West Hempstead Activist Wages Anti-plastic Fight
By Kyle Chin | June 16, 2022 | L.I. Herald
West Hempstead’s Joseph Varon is continuing his crusade against the use of plastics, throwing his support behind two bills before the State Legislature. A seasoned veteran of environmental activism and recycling campaigning, Varon said he hopes to hold plastic producers more accountable.
One proposal would expand New York’s Bottle Bill, raising the deposit from five to 10 cents for each recycled bottle. The other bill, proposed by Assemblyman Steve Englebright, would introduce extended producer responsibility, placing fines and restrictions on companies generating plastic and encouraging a transition to more recyclable options.
New York’s Bottle Bill celebrated its 40th anniversary in May, and Varon spoke about its diminishing effectiveness over the years. “Most people won’t bother with a five-cent deposit anymore, especially with the limited number of deposit spots we have,” he said. “If you go to deposit your bottles and all the machines are being used by people with bags of hundreds of bottles, are you really going to wait for just five cents back?”
“The deposit has been five cents for 40 years,” he added. “Forty years ago you could get a soda for a quarter, now it’s at least $1.25. Frankly, even 10 cents is not enough.”

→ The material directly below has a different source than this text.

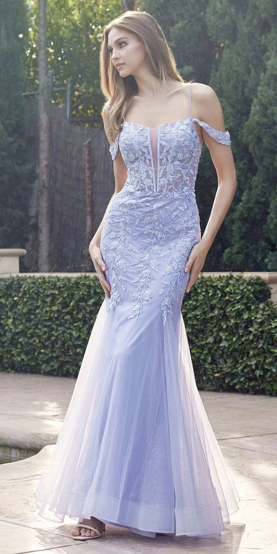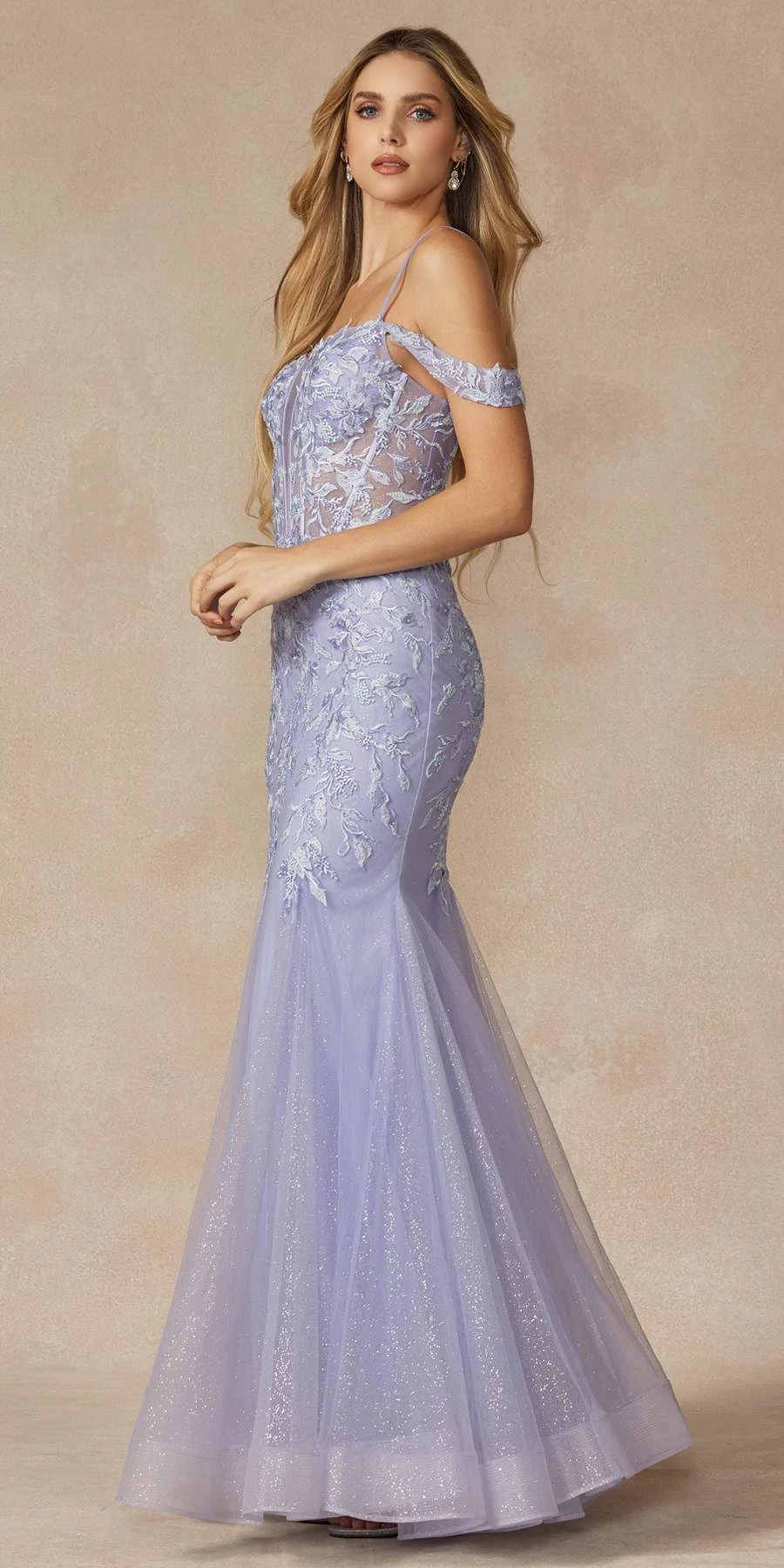 Dazzle the evening in this beautiful floor length fitted dress by Juliet 290. This long mermaid glitter tulle mermaid gown has a plunging sheer panel insert V-neckline with cold off the shoulder straps and features an embroidered floral pattern and corset lace up tie back. A beautiful dress for formals, gala party, prom or any special occasion!

Varon further explained the plastic crisis. “A lot of plastic packaging today is photodegradable, meaning the sun will break it down into tiny pieces, but those pieces will never go away,” he said. “They stick around for hundreds of years. Fish and other animals ingest it, and it ends up in our food.”
Concerns surrounding so-called “microplastics” have grown in recent years, environmentalists have said. Studies have discovered microplastics nearly everywhere on earth, carried by wind and water. Researchers in Amsterdam also found trace plastics in the majority of blood samples they studied. What impact these materials might have on the body has yet to be studied in depth, they said.
Varon said that many old recycling campaigns, while successful, have been left somewhat obsolete by the mass proliferation of plastic packaging over the last few decades.